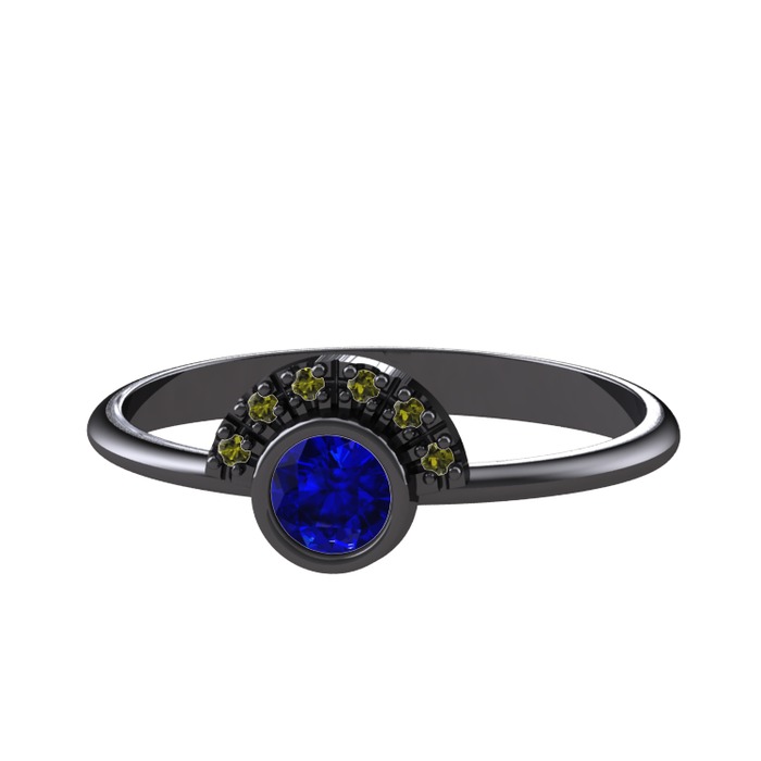 Lab safir ve peridot 925 ayar siyah rodyum kaplama gümüş yüzük
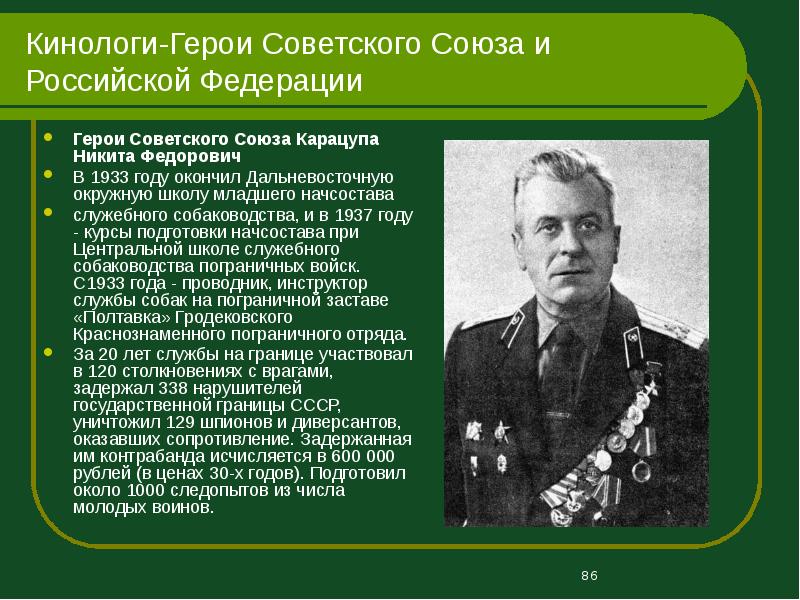 - 86. Кинологи-Герои Советского Союза и Российской Федерации Герои Советского Союза Карацупа Никита
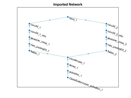 Импортируйте слои из сетевой модели Keras. Сеть в 'digitsDAGnetwithnoise.h5' классифицирует изображения цифр.
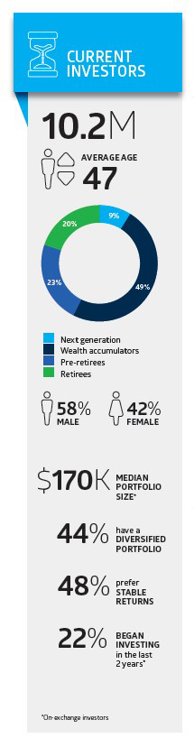 Looking at some of the other investor groups, considerations vary, depending on age and proximity to retirement. For wealth accumulators, the top considerations when investing in this age group include potential investment returns (43 per cent), the potential risk of an investment (33 per cent) and diversification of their portfolios (17 per cent).
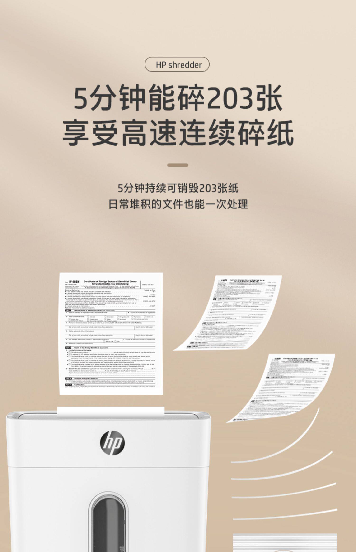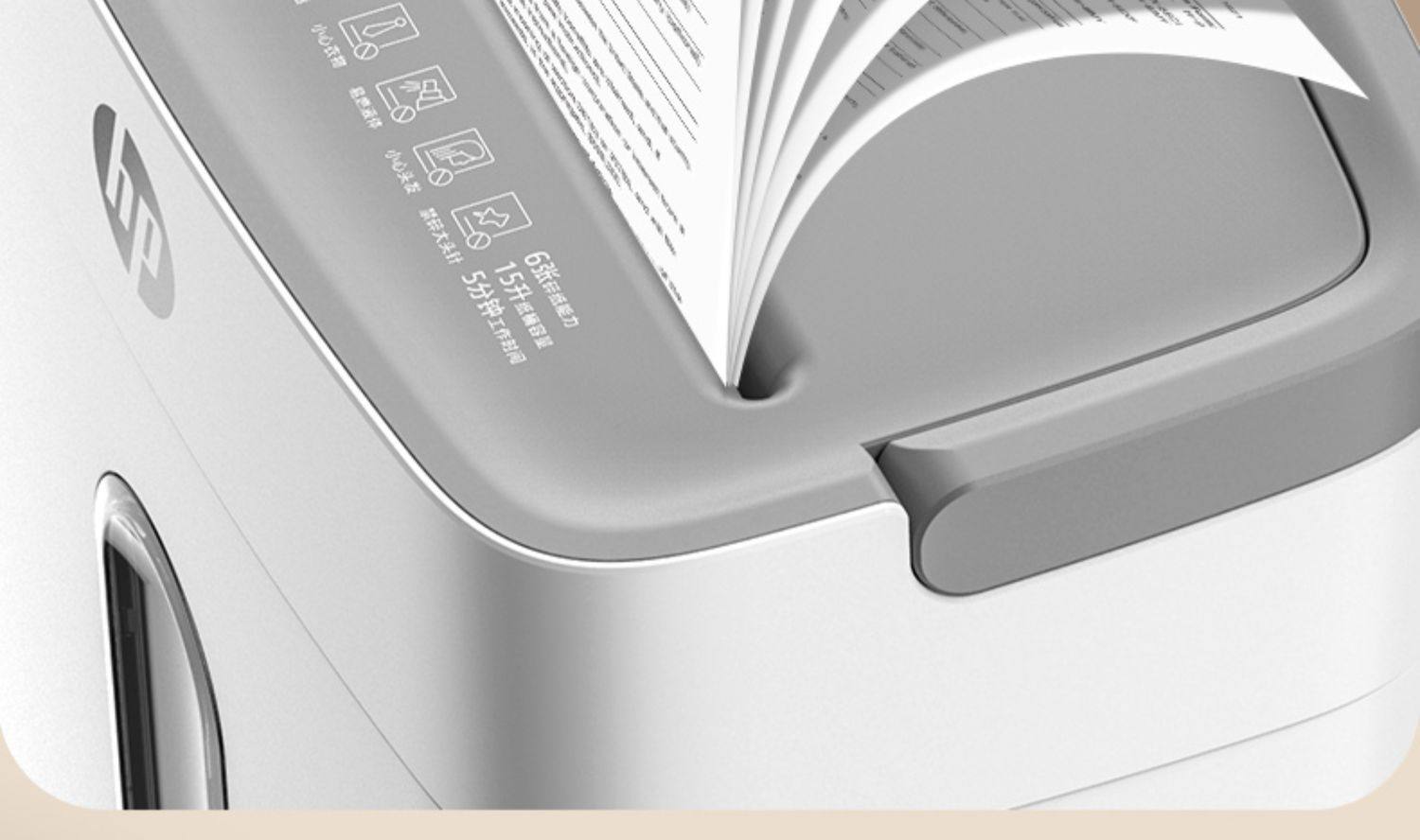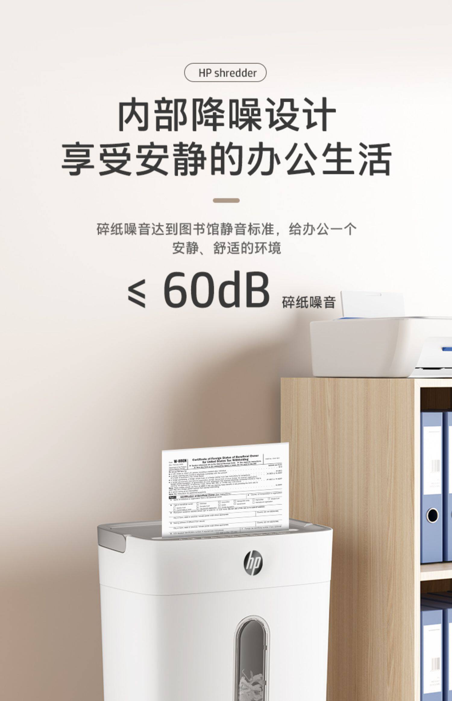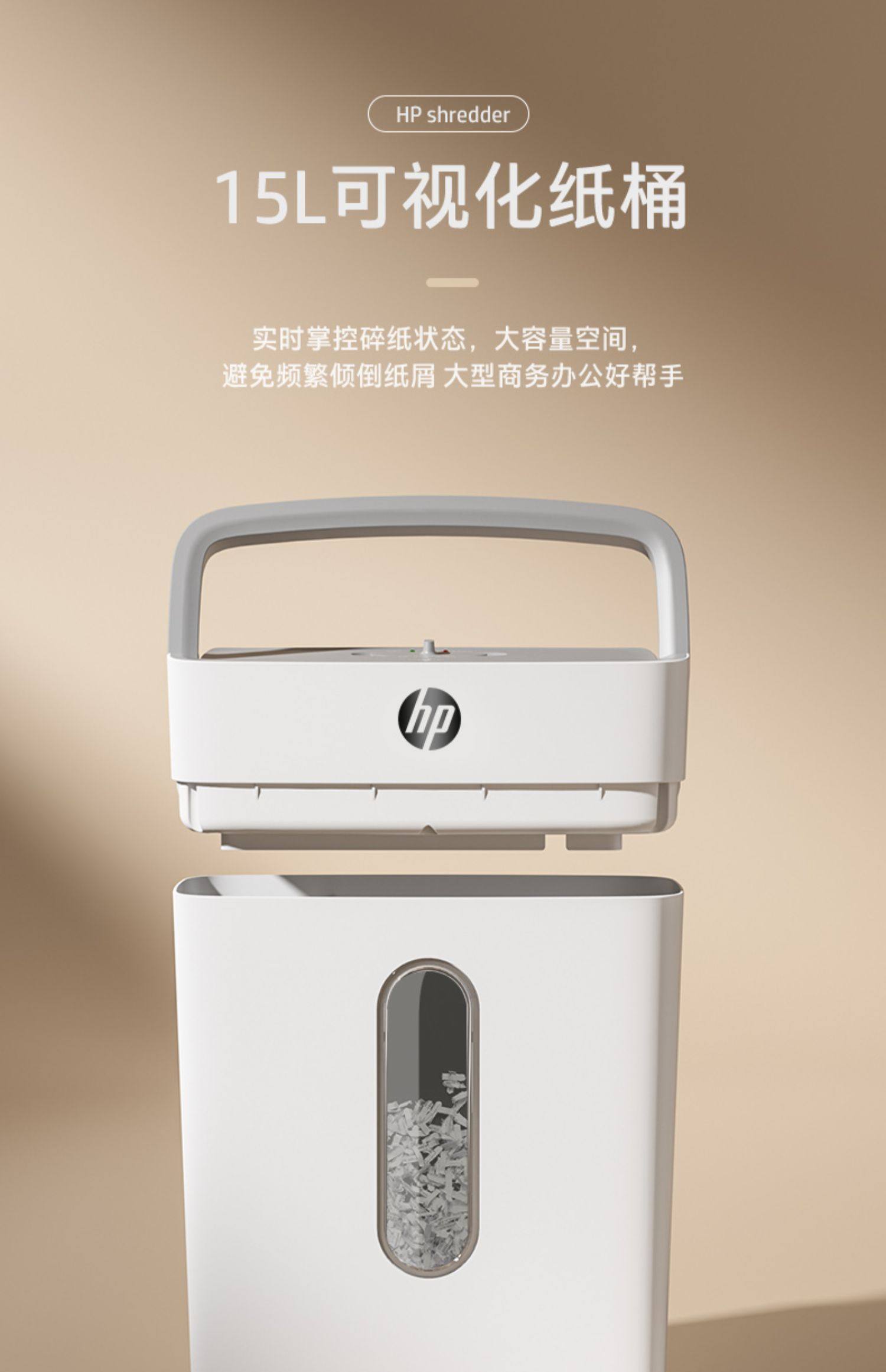 商品名称:惠普碎纸机办公室专用全自动办公家用家庭商用迷你小型粉碎机4级保密桌面纸光盘胶卷W1506CCW1505CC碎卡
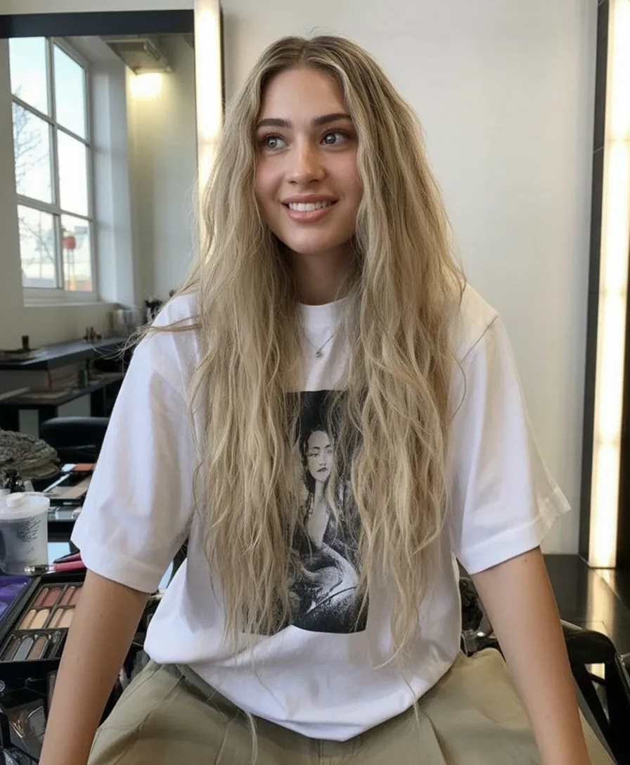 This look works beautifully on long hair with wavy or slightly curly texture. A lightweight curl cream enhances definition without stiffness, and gently pinning the top section keeps the style balanced. It’s ideal if you want movement, volume, and an easy everyday style that still feels polished enough for dinner plans.

* **What is expected**: Would you return the material exactly, images excluded?

* **Solution**:
 Lab safir ve peridot 925 ayar siyah rodyum kaplama gümüş yüzük
 - 86. Кинологи-Герои Советского Союза и Российской Федерации Герои Советского Союза Карацупа Никита
 Импортируйте слои из сетевой модели Keras. Сеть в 'digitsDAGnetwithnoise.h5' классифицирует изображения цифр.
 Looking at some of the other investor groups, considerations vary, depending on age and proximity to retirement. For wealth accumulators, the top considerations when investing in this age group include potential investment returns (43 per cent), the potential risk of an investment (33 per cent) and diversification of their portfolios (17 per cent).
 商品名称:惠普碎纸机办公室专用全自动办公家用家庭商用迷你小型粉碎机4级保密桌面纸光盘胶卷W1506CCW1505CC碎卡
 This look works beautifully on long hair with wavy or slightly curly texture. A lightweight curl cream enhances definition without stiffness, and gently pinning the top section keeps the style balanced. It’s ideal if you want movement, volume, and an easy everyday style that still feels polished enough for dinner plans.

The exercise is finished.